Article pubs.acs.org/est
Comparative Examination of Effects of Binding of Different Metals on Chromophores of Dissolved Organic Matter Mingquan Yan*,† and Gregory V. Korshin‡ †
The Key Laboratory of Water and Sediment Sciences, Ministry of Education, Department of Environmental Engineering, Peking University, Beijing 100871, People’s Republic of China ‡ Department of Civil and Environmental Engineering, University of Washington, Box 352700, Seattle, Washington 98195-2700, United States S Supporting Information *
ABSTRACT: This study quantified the binding of dissolved organic matter (DOM) from Suwannee River with nine metals, Ca(II), Mg(II), Fe(III), Al(III), Cu(II), Cd(II), Cr(III), Eu(III), and Th(IV), using a differential absorbance approach.

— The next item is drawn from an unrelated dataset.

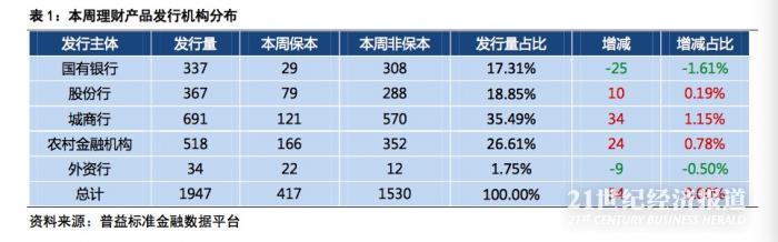 根据普益标准本周统计,保本理财发行量最高的为农村金融机构。由于此类机构数量众多,这个口径可能并不能完全说明问题,那么从本周发行的保本和非保本理财产品数量比较上来看,国有银行是1:10.6,股份行1:3.6;城商行1:4.7,农村金融机构1:2.12,依旧是以农商行为首的农村金融机构。

The differential spectra of DOM were closely fitted with six Gaussian bands that were present for all of the metals at varying pH values. Their maxima were located at ca. 200, 240, 276, 316, 385, and 547 nm (denoted as A0, A1, A2, A3, A4, and A5, respectively). The relative contributions and signs of the Gaussian bands were metal-specific and correlated to some degree with the covalent-bonding index of the ions and applicable complexation constants of the NICA-Donnan model. The intensity of band A4 was linearly proportional to the concentration of DOM-complexed metal, although these correlations formed two groups with different slopes, reflecting the nature of DOM−metal interactions. The results demonstrate that differential spectra yield results indicative of the nature and extent of metal and DOM interactions.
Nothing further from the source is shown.